The problem
Would you write out the lines below exactly, from the one containing "在中国的总代理,并提供工程设计及售后服务。同时,还代理美国PHD气动夹钳、美" to the very last, but without the pictures?

Source material

┌──

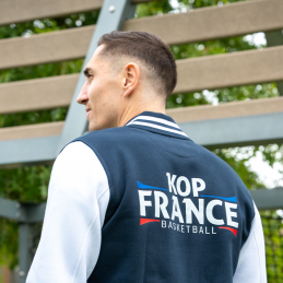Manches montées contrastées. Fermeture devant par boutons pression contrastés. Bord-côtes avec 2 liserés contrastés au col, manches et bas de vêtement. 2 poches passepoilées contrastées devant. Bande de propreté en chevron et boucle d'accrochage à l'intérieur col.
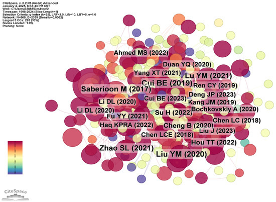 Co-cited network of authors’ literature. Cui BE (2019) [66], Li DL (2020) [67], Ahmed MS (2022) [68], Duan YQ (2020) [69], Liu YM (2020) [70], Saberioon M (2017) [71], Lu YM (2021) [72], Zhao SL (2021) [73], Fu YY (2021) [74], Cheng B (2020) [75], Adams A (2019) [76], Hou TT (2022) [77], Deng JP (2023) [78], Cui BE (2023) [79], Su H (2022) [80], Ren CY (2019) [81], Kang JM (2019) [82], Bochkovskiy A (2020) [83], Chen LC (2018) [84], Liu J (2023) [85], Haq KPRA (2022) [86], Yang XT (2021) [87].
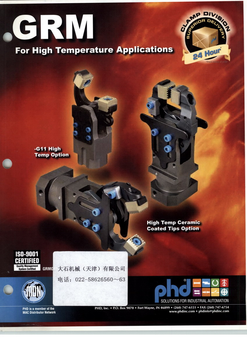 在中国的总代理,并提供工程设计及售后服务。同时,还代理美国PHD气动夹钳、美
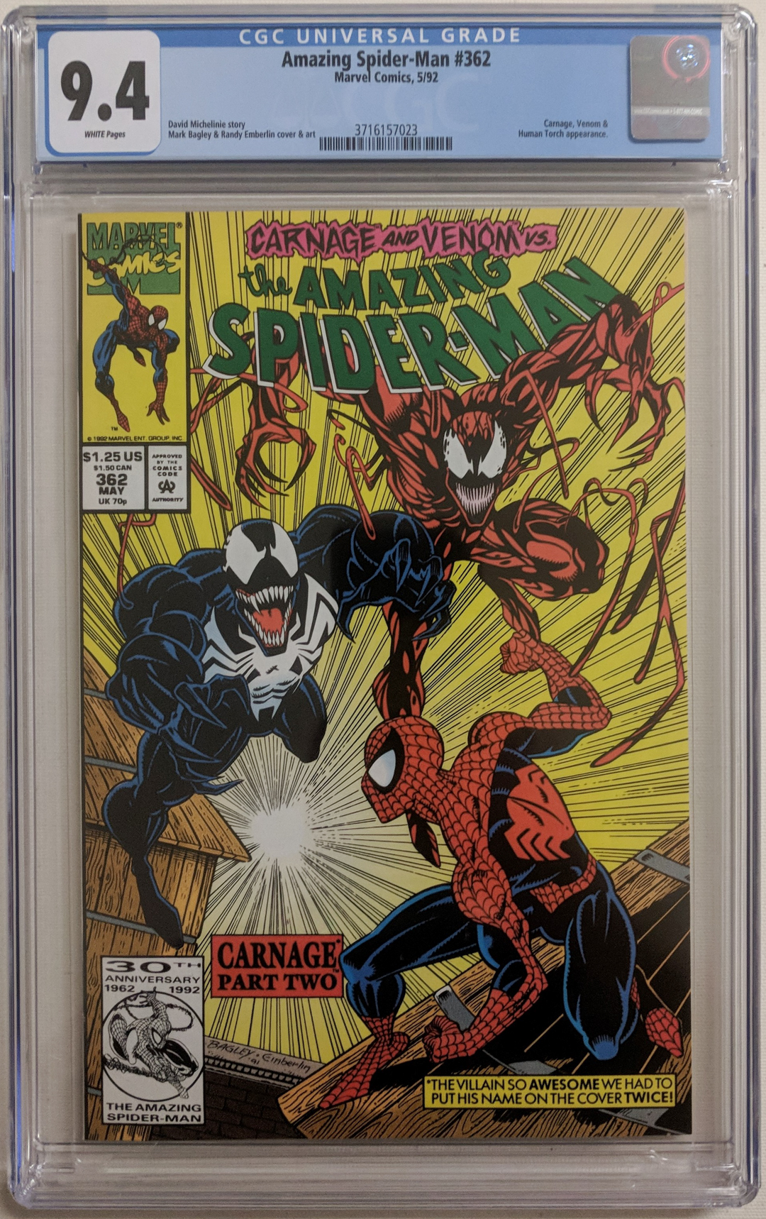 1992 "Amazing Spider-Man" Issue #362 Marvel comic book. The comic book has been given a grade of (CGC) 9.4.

└──

Exercise response
 在中国的总代理,并提供工程设计及售后服务。同时,还代理美国PHD气动夹钳、美
 1992 "Amazing Spider-Man" Issue #362 Marvel comic book. The comic book has been given a grade of (CGC) 9.4.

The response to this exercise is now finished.